Open arogozhnikov opened 2 years ago
Thanks for the feedback! This is a good place to post it.
A rule of thumb I've been following is to always pass Dim objects as arguments, even when an operator is what constructs the first object with that dimension, which is the 'add one more argument approach':
axis = dims()
y1 = bincount(x, axis)
x2 = bincount(x, axis)
x1 + x2 # both have axis
It avoids having to rename dimensions when they are the same (though this can be done as well with y1.index(axis1, axis2)

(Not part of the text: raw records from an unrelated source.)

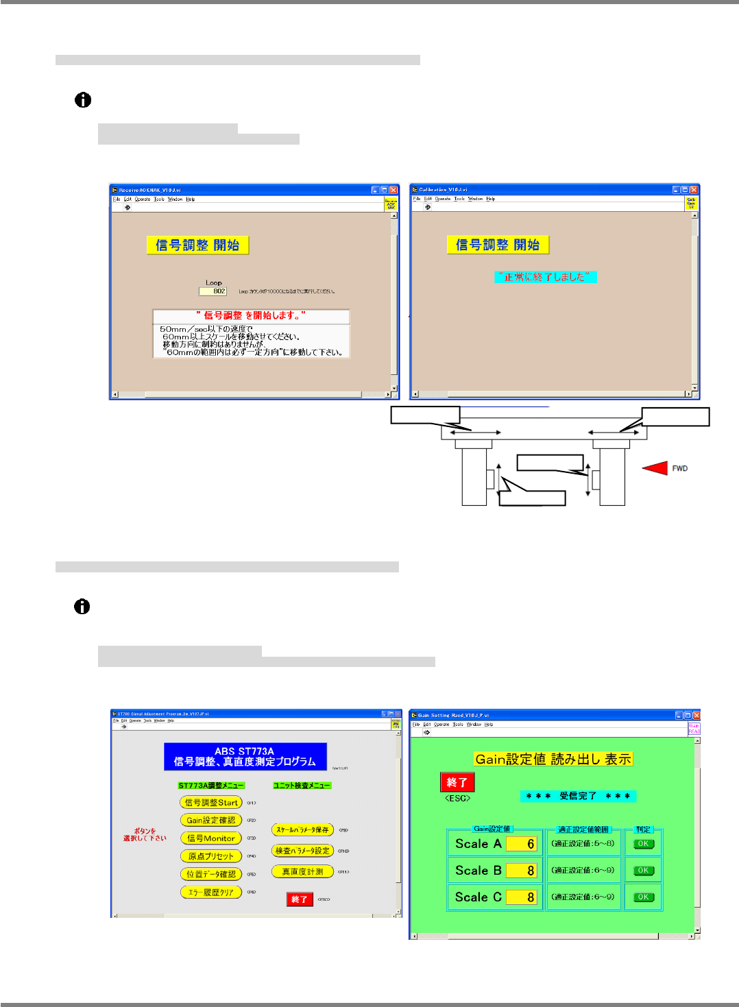 [Gain 設定確認] をクリックして、Scale A、B、C の判定を確認し、[終了] をクリックする。
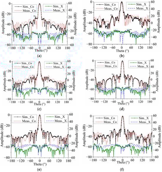 Simulated and measured normalized radiation patterns. (a) H-plane at 24 GHz. (b) E-plane at 24 GHz. (c) H-plane at 27 GHz. (d) E-plane at 27 GHz. (e) H-plane at 30 GHz. (f) E-plane at 30 GHz.
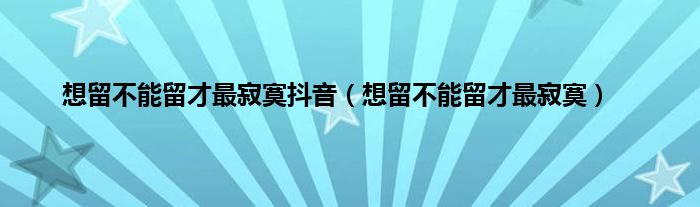 想留不能留才最寂寞抖音(想留不能留才最寂寞)
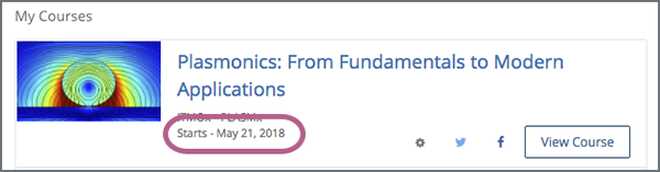 After you enroll in a course, the course is visible on your dashboard. The course start date is located below the course title.
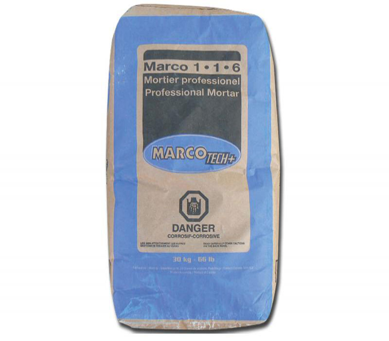 Le Mortier 1.1.6 est un mortier de type N pré mélangé à base de chaux hydratée type S et de ciment portland principalement utilisé pour la pose de briques, blocs, pierres et autres produits de maçonnerie. Il peut être utilisé à l'intérieur comme à l'extérieur. Sa formulation unique lui confère des propriétés accrues d’adhérence, de maniabilité et de d’imperméabilité ainsi qu’une résistance exceptionnelle aux cycles de gel-dégel. Le Mortier 1.1.6 est conforme à la norme CSA A179-04 pour un mortier de type N, avec ajout d’eau.
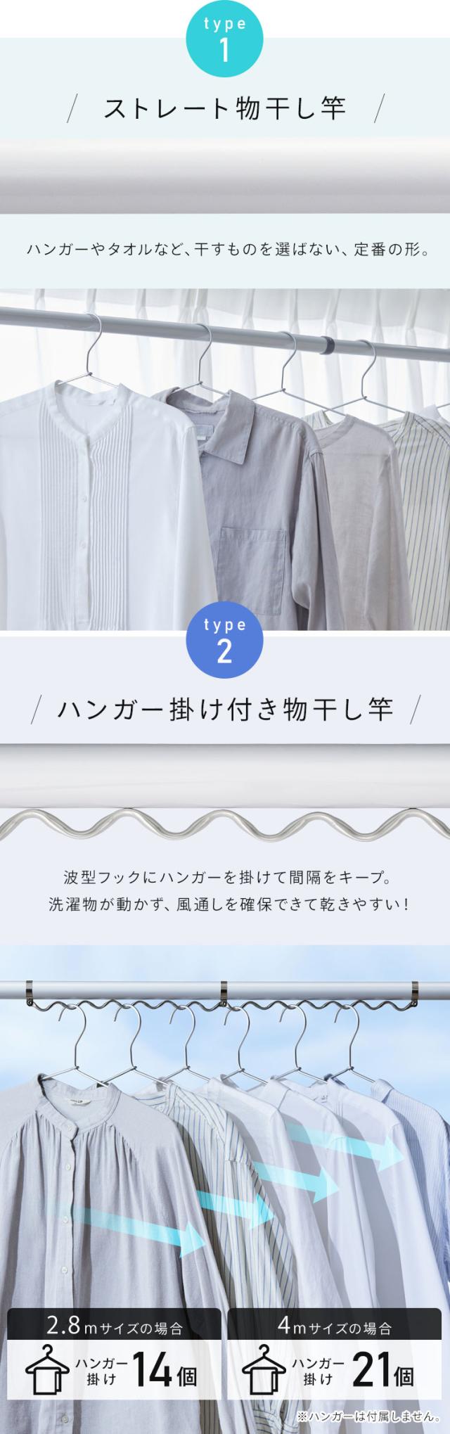間隔を保って乾きやすい!ハンガー掛け付き物干し竿/シンプルで使いやすい!ストレート物干し竿
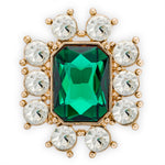 The Estelle Cocktail Ring in Green & Clear CZ is a statement, high polish ring featuring emerald glass and cubic zirconia in intricate detailing. Made with 14k gold plating.
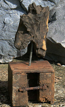 Een heel andere kant van het zoekwerk bestaat uit het vinden van hout- of steenvormen, die van zichzelf al helemaal volmaakt zijn. Er hoeft niet meer aan gesleuteld te worden. Door er een gat in te boren, er een pin in te schuiven en ze op een geschikte sokkel zetten ontstaat het perfecte kunstwerk!
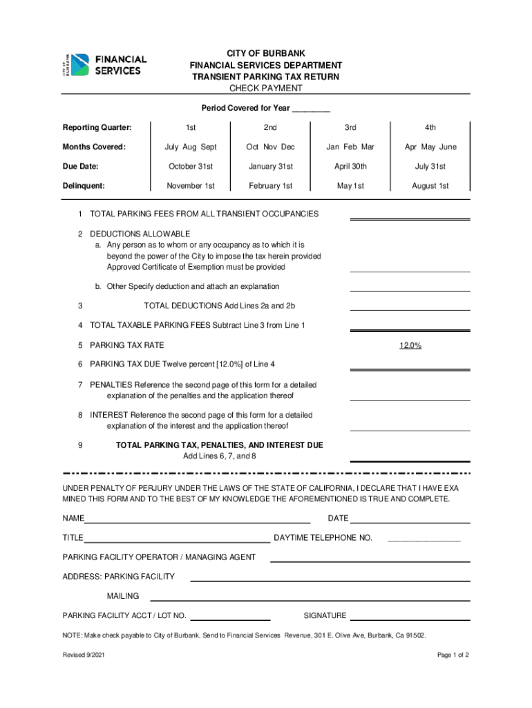 CITY OF BURBANK FINANCIAL SERVICES DEPARTMENT TRANSIENT PARKING TAX RETURN CHECK PAYMENT Period Covered for Year ___ Reporting Quarter:1st2nd3rd4thJuly Aug Sept Oct Nov Deccan Feb Mar Apr May Undue
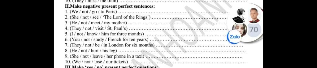 (-) S + has/have + not + V3/ed
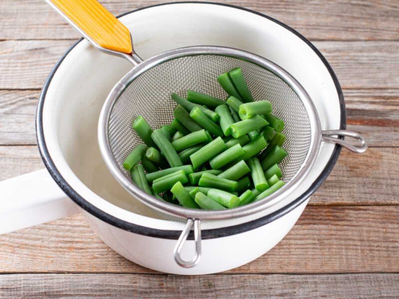 - Cocina las judías verdes: Cocina las judías verdes en agua con sal durante unos 3-4 minutos o hasta que estén tiernas pero aún crujientes. Luego, escúrrelas y enfríalas con agua fría para detener la cocción.
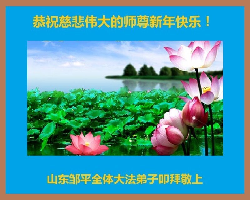 恭祝慈悲伟大的师尊新年愉快!师尊新年好! 山东省邹平全体大法弟子敬上 山东省聊城大法弟子恭祝师尊新年好!
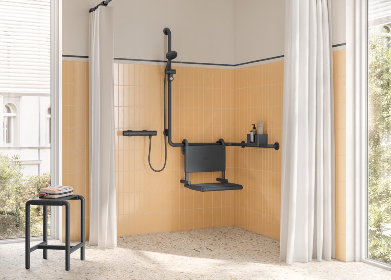 Auch bei der normgerechten Planung barrierefreier Duschen bestehen vielfältige gestalterische Möglichkeiten. Besonders matte Oberflächen eröffnen Spielräume in der Farbgestaltung und Materialwahl, ohne funktionale Anforderungen zu vernachlässigen. HEWI bietet hierfür abgestimmte Systemlösungen – etwa Brausethermostate, Haltegriffe und Duschsitze in Schwarz matt und Weiß matt oder gebürsteten und glänzenden PVD-Oberflächen.

). Similarly [stacking] (https://github.com/facebookresearch/torchdim/blob/de9785e58eb0b914638e942a65e3f74d2a695df9/torchdim/reference.py#L488) and split both take as argument the new dim(s) being added. There is still some work to be done to figure out the best API here. For instance maybe split
should take either single new Dim
(splits must have the same size), or a list of unsized Dims (split dims evenly but handle the case where they do not evenly split), or a list of sized Dims (fully customized way of splitting the dimension).
I believe this is similar to DimLists , a feature that is in the repo but I haven't document yet because I haven't worked out all of the corner cases. Like the example, their length is inferred by context, such as indexing. Once initialized then they behave just like a list of dimensions.
def z_score(x: Tensor, avg_over: List[Dim]):
m = x.mean(avg_over)
s = x.std(avg_over, unbiased=False) + 1e-5
return (x - m) / s
However, others can get a bit verbose, like an n-D convolution
def conv(lhs: Tensor, rhs: Tensor,
l_spatial: List[Dim], r_spatial: List[Dim], o_spatial: List[Dim],
b: Dim, c_in: Dim, c_out: Dim,
dilation: List[int] = None, stride: List[int] = None, expand: List[int] = None):
Delayed computation will take some experimenting. If it turns out that sum_product
is the only instance, then making it explicit helps remove cleverness with little loss to readability. There are other cases where delaying computation might be helpful as well. For instance, with indexing using dims, there ends up being a lot of pointwise cheap operators together to compute the index. It might make sense to delay and compile them with something like Triton (and generate their autograd). However, I recognize how important it is to make the behavior very predictable and wouldn't defer execution of operators across a long number of operators.
Description says you collect feedback, but not specifies how it should be provided, so I should open an issue ... I guess?
First, nice job @zdevito ! torchdim looks very promising, in particular indexing looks very friendly.
Unforeseen axes
Curious how you plan to implement operations that introduce a new axis, like boolean indexing or bincount / unique / set-like operations.
One possible way would be to return a new axis object along with result, but it has issues:
This can be solved by adding one more argument or by allowing manual 'coalescing' of axes.
Concatenation / chunking of named axis
Again, curious about your thoughts here.
Multi-axes
Cases when a single function should deal with tensors of several possible dimensionalities are frequent.
Potentially you can leave those problems to positional axes, but I'd recommend exploring the direction of multi-axes:
It has very 'pythonic' look, under the hood iterating over multi-axis would yield a single helper object, which would designate the position among other axes.
Delayed computations
It is a super-clever trick to delay multiplication until possible summation follows, but making it a single operation is more predictable
Just placing that in a function does not look worse to my eye, but open to other opinions
Calling functions
Can you provide more complete example here? It is unclear how
loss
function can take a matmul of images and w1, because it needs to sum overhidden
variable, but it was not passed to the function.More broadly, there should be some contract how callee interprets its inputs (from this example seems it deals only with non-named axes, and behavior of named axes is left to the calling function, but maybe I misunderstand). More examples with would be very helpful here.
Interaction with deep learning blocks
Can you explain how DL operations (e.g. convolution) would handle named dimensions (and would they)?
Add Dims context manager
Suggestion may sound a bit strange, but here is a rationale: if you don't have an axis object, you can't manipulate it, thus whole tensor becomes non-manipulatable.
I expect users would commonly return created objects without
order
-ing them first, and then deal with downstream problems (since those will be scalars for outer code, they will not error out in most operations, and then users will chase skippedorder
).Exit from contextmanager should deallocate all tensors that use axis objects created with context manager => more efficient memory management almost for free + in a large number of cases you can point user to the problem immediately.
Using Better Terminology
'Flattening and Splitting Dims'. Both terms are not suitable to the context. Yes, that's torch ops, but they become inappropriate as you move from discussing old-style ops to operations that are focused on axes. For instance, phrase 'flatten the dimensions' does not make any sense as dimensions/axes are already flat.
Einops uses terminology 'composition and decomposition of axes', because 1) it is obvious when you compose you get fewer axes 2) it hints that original content is preserved 3) wording: decomposition reverses composition, even kids know that (compare that to flatten vs split dims) 4) you can refer to 'composed axis' and 'composing axes', which is helpful in discussing code. Let's use this better terminology.